Pod modnymi kapeluszami sygnowanymi przez Philippe`a Treacy, słynnego wśród gwiazd projektanta, Lady Gaga nosi głowę zupełnie nie od parady. Raz wielka klasa, raz kompletny kicz - gwiazda ciągle stąpa po cienkiej linii na granicy ostentacyjnej prowokacji i doskonałego wyczucia stylu. Ostatnio, gościła we wszystkich kronikach z powodu wypowiedzi na temat perfum, na które ma ochotę, a których nuty głowy bazowałyby w stu procentach na wyciągu z męskiego nasienia…
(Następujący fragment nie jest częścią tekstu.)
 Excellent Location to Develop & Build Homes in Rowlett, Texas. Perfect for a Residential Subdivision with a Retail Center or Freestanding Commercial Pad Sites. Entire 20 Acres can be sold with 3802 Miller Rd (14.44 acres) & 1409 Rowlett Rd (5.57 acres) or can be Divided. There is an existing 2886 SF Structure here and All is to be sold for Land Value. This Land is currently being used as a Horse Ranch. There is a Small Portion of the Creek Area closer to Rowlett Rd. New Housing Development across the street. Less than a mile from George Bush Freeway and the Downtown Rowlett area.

Kiedy jednak w grę wchodzi akcja dobroczynna, Gaga potrafi działać rozsądnie. Już drugi rok z rzędu, gwiazda podjęła współpracę z marką kosmetyczną M.A.C. i reprezentuje nową linię o nazwie Viva Glam, z której część dochodu zostanie przekazana na walkę z AIDS. AIDS Fundation M.A.C. już od 1994 roku pomaga dzieciom, kobietom i mężczyznom, którzy padli ofiarą tej choroby. Akcja jest szczególnie bliska sercu piosenkarki, która otwarcie angażuje się w ochronę praw chorych oraz reprezentujących wszelkiego rodzaju mniejszości. Znane jest szczególnie jej zaangażowanie w prawa wspólnoty homoseksualnej, dla której stała się ona kimś w rodzaju rzeczniczki prasowej. Można by powiedzieć, że Miss Gaga jest niemal Lady Gay.
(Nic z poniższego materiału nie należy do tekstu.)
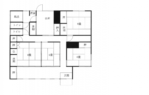 - 8畳・8畳・6畳・6畳の和室を中心とした構成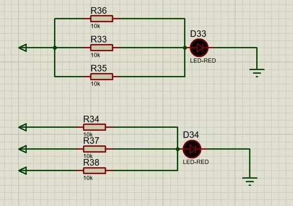 经过测量,1、2、3脚为接地,并且互相短接,4脚为检测脚(可能是检测电源功率)5、6、7脚为供电,互相短接。通过脑补了一下并且做了个类似的仿真画到了Proteus里。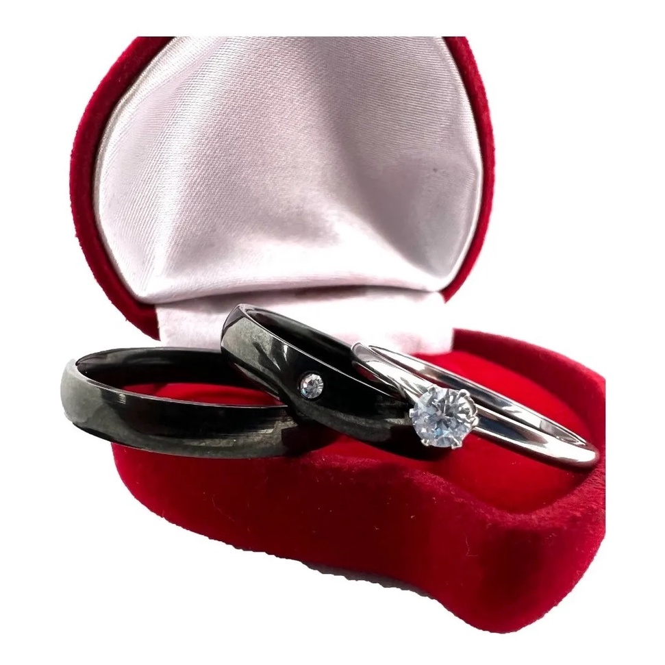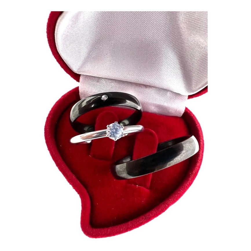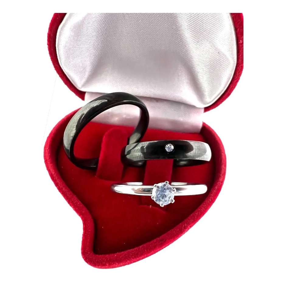 Par Aliança Preta Fina Lisa 4mm com Pedrinha + Anel Solitário 2mm

Po ubiegłorocznym pozowaniu obok Cindy Lauper, w drugiej odsłonie współpracy, Lady Gaga pojawia się solo i jak na nią, w dosyć skromnym wydaniu. Stylizację do zdjęć wykonała Nicola Formichetti, a całość sfotografował Nick Night. Widzimy gwiazdę jako diwę w aureoli i w pastelowych barwach, z czerwoną szminką na ustach specjalnie opracowaną na tę okazję. Ubiegłoroczna kampania pozwoliła zebrać 32 miliony dolarów! Nie wahajcie się więc i sięgnijcie po szminki, cienie i lakiery z kolekcji zaangażowanej w akcję w słusznej sprawie.